Alternating optimization enables co-training of GistNet, LensNet, and base-model adapters without full end-to-end backpropagation through the discrete Focus Allocator. By cycling through phases where different components are frozen and updated, the system learns stable policies while maintaining computational efficiency.
Why Alternating Optimization is Needed
Core Challenge: The MegaContext Tree architecture involves three interdependent modules—GistNet (compression), LensNet (focusing), and base-model adapters (LoRA)—plus a discrete Focus Allocator that makes non-differentiable expand/collapse decisions.

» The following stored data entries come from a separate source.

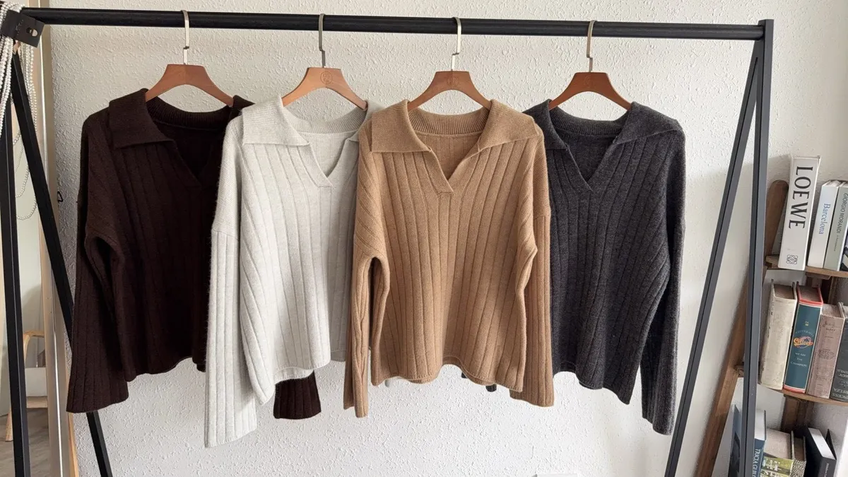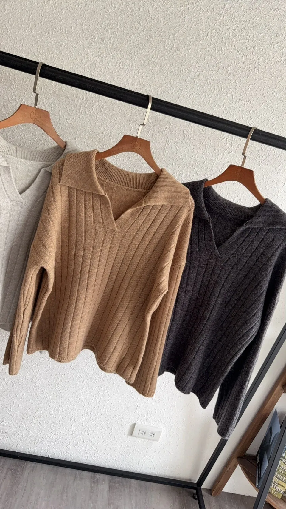 柔軟針織與極簡翻領設計交織出高級感氛圍✨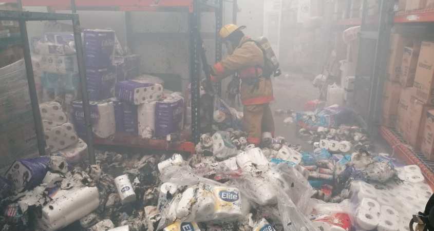 Al supervisar el establecimiento, señalaron como posible causa del incendio el calentamiento de un refrigerador que estaba en contacto directo con estantes de papel higiénico y otros artículos que provocaron la combustión; no hay personas lesionadas.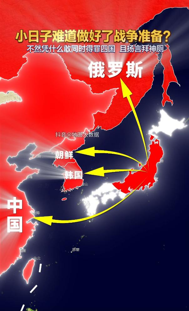 中俄朝对日本发出警告!日本打算以1打3? 俄罗斯卫星社,日本允许美国部署核武器,继续发展中程导弹,那么,俄罗斯就要重新审视,三位一体核打击战略! 朝鲜社科院,召开了一场历史辩论会,对日本的历史殖民罪行进行清算,罗列1910-1945年罪行清单,以“千年宿敌”定义,强调创伤“永不愈合”,要求日本“千百倍偿还血债”! 那么,这三个大国都说这么狠话了,日本怎么还是我行我素。 即使,专家说给100个胆子,日本都不敢发动攻击,那么,他这么多年以来,悉心发展的军武装备,是给好看而已吗?是摆设而已吗?君不见,密密麻麻的日本军事基地,实力比表面强很多,切不可轻敌! 历史证明,只有绝对的实力,只有绝对够狠,日本才会屈服!怎么破?就要用兵法中说的“侵掠”来解决,也就是“侵掠如火”,用强力迅猛的攻击,不要老是防守!

Problem with End-to-End Training:
- Full backpropagation through long unrolls of the Focus Allocator is computationally prohibitive
- The discrete allocator has no gradients to flow through
- Joint optimization causes instability: when all modules change simultaneously, they chase moving targets
Solution: EM-Style Alternating Phases The alternating optimization schedule mimics Expectation-Maximization:
- E-like step: Hold policy components fixed to generate supervision signals (e.g., counterfactual ΔNLL utilities)

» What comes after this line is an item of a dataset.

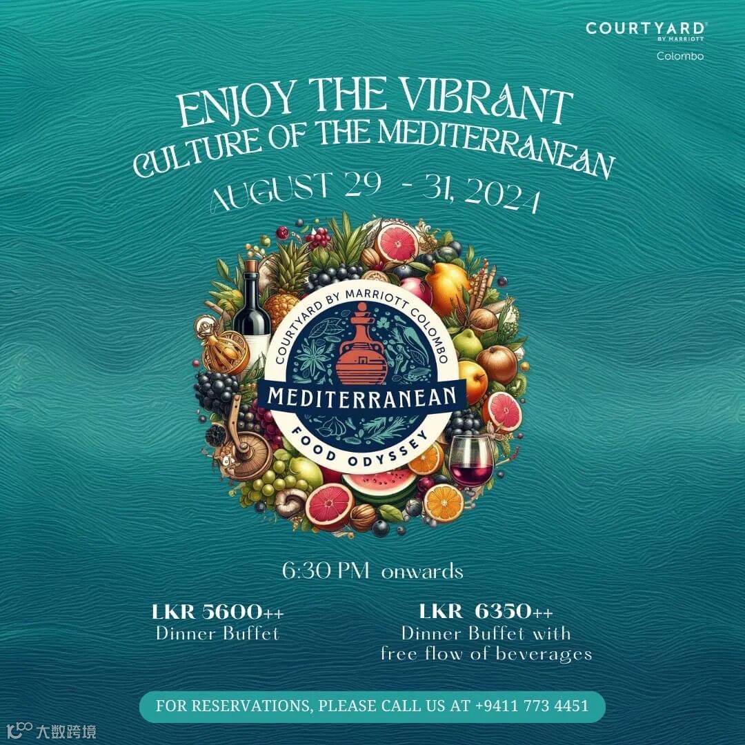 8月29/30/31日的晚餐自助,每日晚上6点半至11点,地中海美食之旅。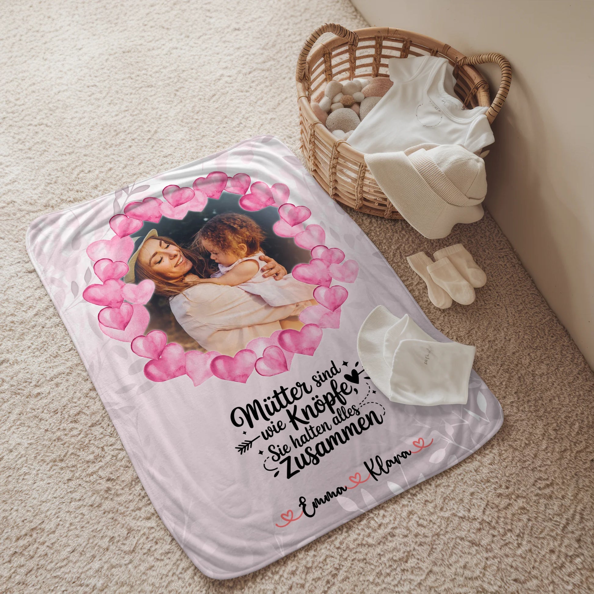 Ideal als Geschenk für Mama zum Muttertag, wenn Du eine persönliche Decke mit Foto und Namen suchst. Die Namensdecke mit Foto ist ein emotionales, personalisiertes Geschenk zum Muttertag, das Wärme und Erinnerung vereint.

- M-like step: Update another module to better fit those targets
This approach:
- Stabilizes training by providing fixed targets for each update phase
- Enables on-policy learning without requiring differentiable allocators
- Allows co-adaptation of all components across multiple cycles
- Reduces oscillation compared to simultaneous updates
┌─────────────────────────────────────────────────────┐
│ Challenge: Three modules + discrete allocator │
│ ┌──────────┐ ┌──────────┐ ┌──────────┐ │
│ │ GistNet │ │ LensNet │ │ LoRA │ │
│ │(compress)│ │ (focus) │ │ (adapt) │ │
│ └─────┬────┘ └─────┬────┘ └─────┬────┘ │
│ └──────────────┴──────────────┘ │
│ │ │
│ ┌────────▼────────┐ │
│ │ Focus Allocator │ │
│ │ (discrete!) │ │
│ └─────────────────┘ │
│ │
│ Solution: Alternate which module learns │
└─────────────────────────────────────────────────────┘
Phase 1: GistNet Training (JT1)
Objective: Make gists better drop-in replacements for the spans currently being compressed by the policy.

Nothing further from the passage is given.